- [Activity]:
Copy exactly the line containing "Die Unterkunft ist" and all the lines that follow it to the end of the records, minus the pictures.

============================================================

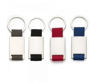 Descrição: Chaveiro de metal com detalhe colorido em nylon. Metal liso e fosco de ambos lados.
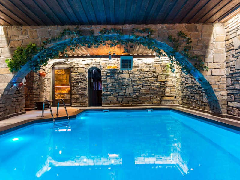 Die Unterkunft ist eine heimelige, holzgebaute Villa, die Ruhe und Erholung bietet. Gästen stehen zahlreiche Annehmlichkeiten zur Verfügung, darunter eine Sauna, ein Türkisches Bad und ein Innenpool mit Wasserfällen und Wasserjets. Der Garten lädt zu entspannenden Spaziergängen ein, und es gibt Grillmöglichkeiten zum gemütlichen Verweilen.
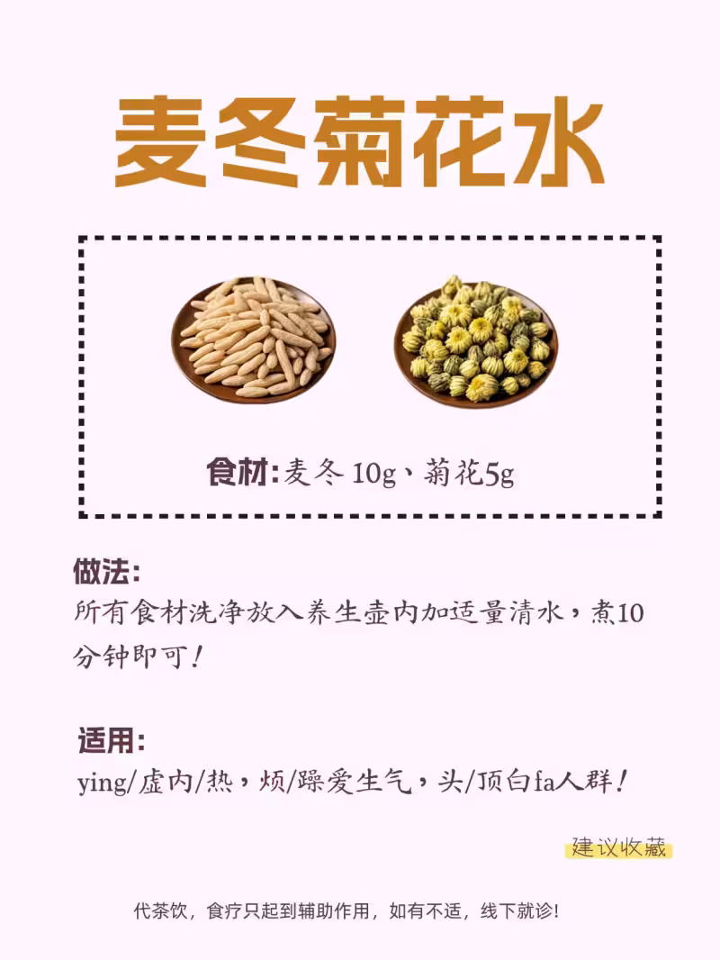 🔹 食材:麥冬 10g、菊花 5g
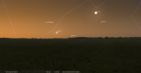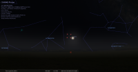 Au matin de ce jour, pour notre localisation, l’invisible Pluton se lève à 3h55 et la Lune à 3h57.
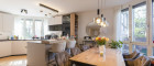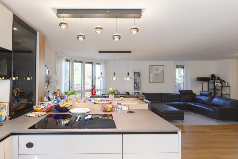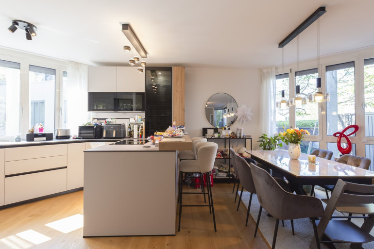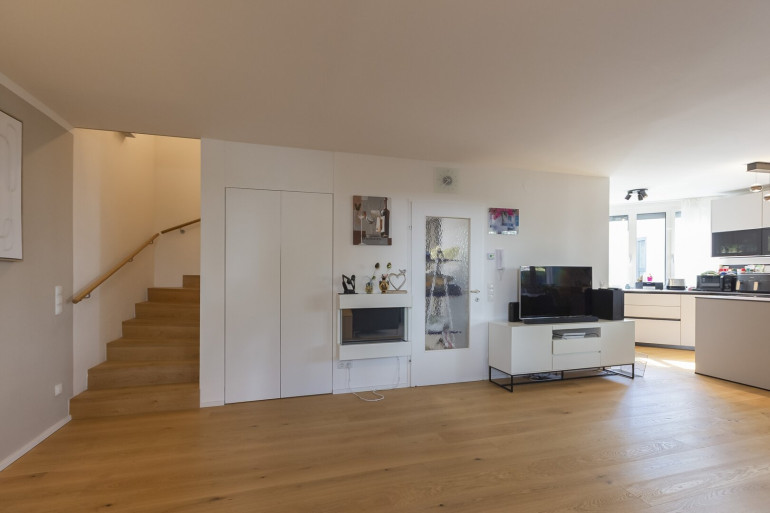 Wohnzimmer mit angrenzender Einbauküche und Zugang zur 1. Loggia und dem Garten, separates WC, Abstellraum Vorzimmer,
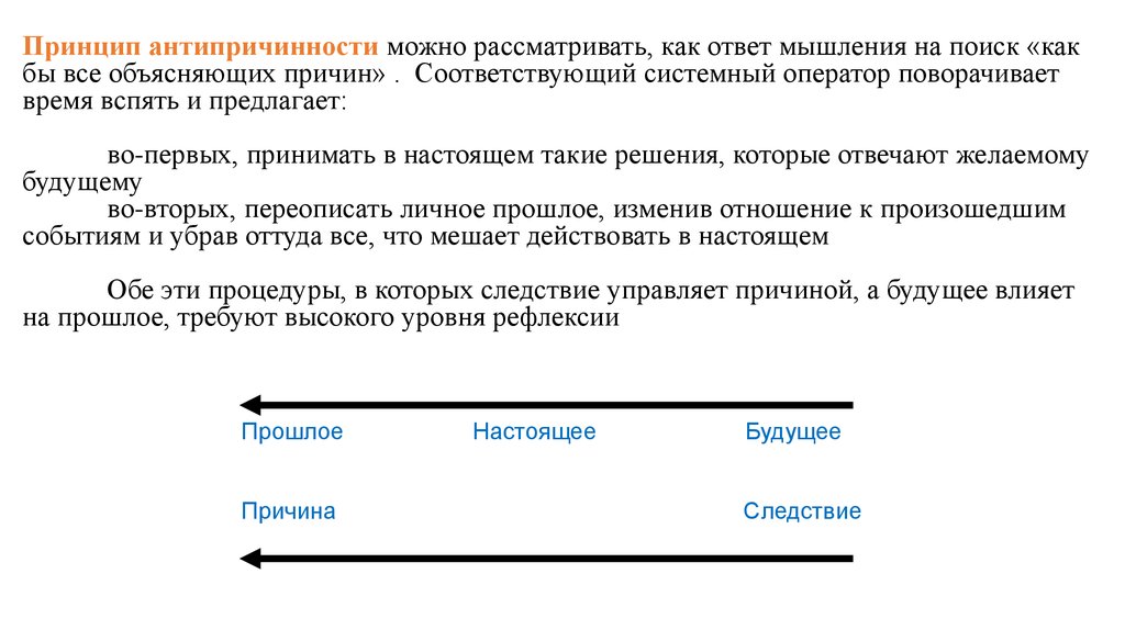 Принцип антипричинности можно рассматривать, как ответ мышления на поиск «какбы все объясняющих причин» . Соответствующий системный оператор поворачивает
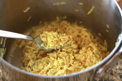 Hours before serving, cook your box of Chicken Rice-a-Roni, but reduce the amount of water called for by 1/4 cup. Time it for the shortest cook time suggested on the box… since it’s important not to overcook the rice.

============================================================

- [Response to the task]:
 Die Unterkunft ist eine heimelige, holzgebaute Villa, die Ruhe und Erholung bietet. Gästen stehen zahlreiche Annehmlichkeiten zur Verfügung, darunter eine Sauna, ein Türkisches Bad und ein Innenpool mit Wasserfällen und Wasserjets. Der Garten lädt zu entspannenden Spaziergängen ein, und es gibt Grillmöglichkeiten zum gemütlichen Verweilen.
 🔹 食材:麥冬 10g、菊花 5g
 Au matin de ce jour, pour notre localisation, l’invisible Pluton se lève à 3h55 et la Lune à 3h57.
 Wohnzimmer mit angrenzender Einbauküche und Zugang zur 1. Loggia und dem Garten, separates WC, Abstellraum Vorzimmer,
 Принцип антипричинности можно рассматривать, как ответ мышления на поиск «какбы все объясняющих причин» . Соответствующий системный оператор поворачивает
 Hours before serving, cook your box of Chicken Rice-a-Roni, but reduce the amount of water called for by 1/4 cup. Time it for the shortest cook time suggested on the box… since it’s important not to overcook the rice.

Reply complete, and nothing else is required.